Современное вступление — и юмористическое, и лирическое, и интригующее. (Тут и 1905: «парни выкинули из гробов кости», барские.)

История о помещиках — правдива, конечно, но — в «социально-прогрессивном» духе. И в диссонанс с тем — увлечение монастырём, божественностью, иконописью.

Но что замечательно: святость — как экстракт из земной красоты, любви и страдания.

— «Всё, что вливалось в его глаза и душу, что обрадовало его во дни жизни — вот красота Господня». И «всё, чего и не видели глаза его, но что есть и вовеки будет, — вот красота Господня».

— Бедная церковь: «выцелованные понизу дощатые иконы в полинялых лентах».

— «радостно-плещущие глаза» с портрета молодой женщины.

И тут ярко бытовое — ярмарка под монастырём.

Удивительно, что это написано в Крыму в 1918, уже отведав красных (но, видимо, ещё до гибели сына).

В языке:

— благопохвбально; — ни хбожева, ни езжева (!)

— вышпынивать; — кбалечь (ж. р.);

— труждбение.

«Чужой крови» (1918). Замечательно удачный рассказ: пленный русский солдат в батраках у немецкого бауэра. Безукоризненно точное сопоставление и столкновение русского и немецкого характеров.

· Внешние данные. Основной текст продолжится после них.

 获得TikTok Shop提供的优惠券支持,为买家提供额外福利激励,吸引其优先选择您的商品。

«Солнце мёртвых» (1923). Это такая правда, что и художеством не назовешь. В русской литературе первое по времени настоящее свидетельство о большевизме. Кто ещё так передал отчаяние и всеобщую гибель первых советских лет, военного коммунизма? Не Пильняк же! у того — почти легко воспринимается. А здесь — такое душевно трудное преодоление, прочтёшь несколько страниц — и уже нельзя. Значит — правильно передал ту тягость. Вызывает острое сочувствие к этим бьющимся в судорогах и умирающим. Страшней этой книги — есть ли в русской литературе? Тут целый погибающий мир вобран, и вместе со страданием животных, птиц. В полноте ощущаешь масштабы Революции, как она отразилась и в делах, и в душах. Как вершинный образ — слышен «подземный стон», «Недобитые стонут, могилки просят»? (а это — вытьё тюленей-белух).

Перед потоком этих событий трудно переключаться на соображения художественно-критические. (И страшнее всего, что о таком нашем прошлом — нынешний народ почти сплошь не знает.)

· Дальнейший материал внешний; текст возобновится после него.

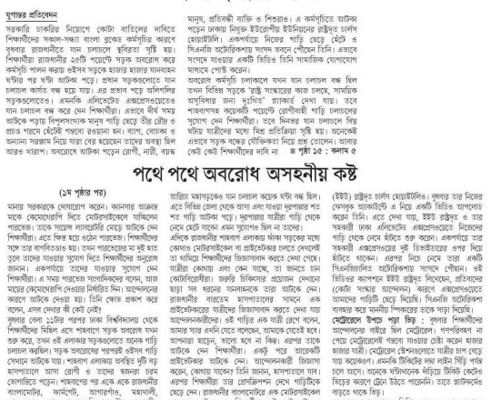 প্রথম আলো, ১১ জুলাই ২০২৪, অবরোধে দিনভর ভোগান্তি

«Солнце мёртвых» — летнее, жаркое, крымское — над умирающими людьми и животными. «Это солнце обманывает блеском… поёт, что ещё много будет дней чудесных, вот подходит бархатный сезон». Хотя автор к концу объясняет, что «солнце мёртвых» — сказано о бледном, полузимнем крымском. (А ещё «оловянное солнце мёртвых» он видит и в равнодушных глазах далёких европейцев. К 1923 он его уже ощутил там, за границей.)

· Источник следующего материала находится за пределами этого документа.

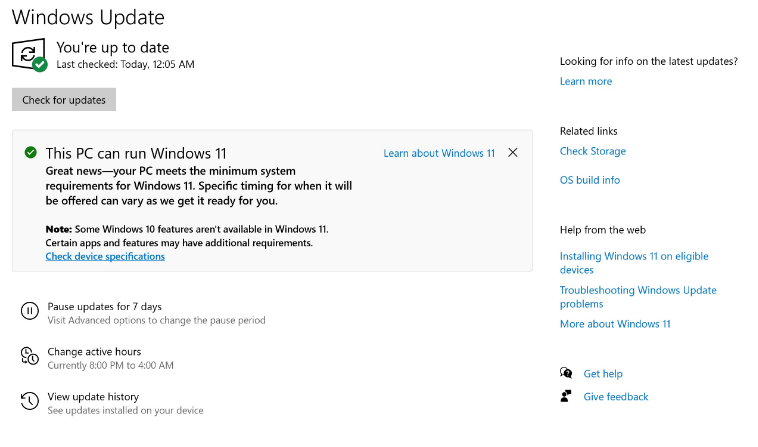 4.一旦TPM被啓用,進入 "開始 "菜單>點擊設置>更新和安全。您就會見到信息提示為此電腦可以運行Windows 11(如果沒有提示,只需等待10-15分鐘並重複此步驟)。

Это — надо перечитывать, чтоб освежить чувство Происшедшего, чтоб осознать его размеры.

Особенно сначала — невыносимо сгущено. Всё время чередуются в беспощадном ритме: приметы мертвеющего быта, омертвлённый пейзаж, настроение опустошённого отчаяния — и память о красных жестокостях. Первозданная правда.

Затем перебивается рассказами доктора: «Мементо мори» (хотя и замечательного по сюжету, символа всеобще-связанной мировой революции, «фебрис революционис», и автор как бы шлёт проклятие заблуждениям своей молодости) и «Садами миндальными» (сперва кажется: зря вставил, снижает общий накал сегодняшнего; потом постепенно открывается, что — нет, должно произойти и широкое осмысление всего содеянного, к дыханию извечному). А сквозного сюжета — и не будет в повести: вот так, в последних попытках людей выжить, и должна развернуться галерея лиц — большей частью страдающих, но — и обманщиков, и злодеев, и ставших злодеями на грани всеобщей смерти. И в соответствии с суровым тоном времени — все они высечены как из камня. И ничего другого — не надо, другого — и не спросишь с автора: вот такое оно и есть.

Однако некоторые места разговоров, особенно монологи доктора — с прямо-таки откровенным, непреоборимым заимствованием у Достоевского, это — зря, жаль. А такого немало.

Во второй половине строгость ужасного повествования, увы, сбивается, снижается декламацией, хоть и верной по своей разоблачительности. Разводнение риторикой — не к выигрышу для вещи. (Хотя — так естественно, что автор озлобился на равнодушных, сытых, благополучных западных союзников. «Вздохи тех, что и тебя когда-то спасали, прозрачная башня Эйфеля». И с какою горечью об интеллигенции!) К концу нарастает и число возвышенных отступлений, это — не украшает, размягчает каменность общего изваяния.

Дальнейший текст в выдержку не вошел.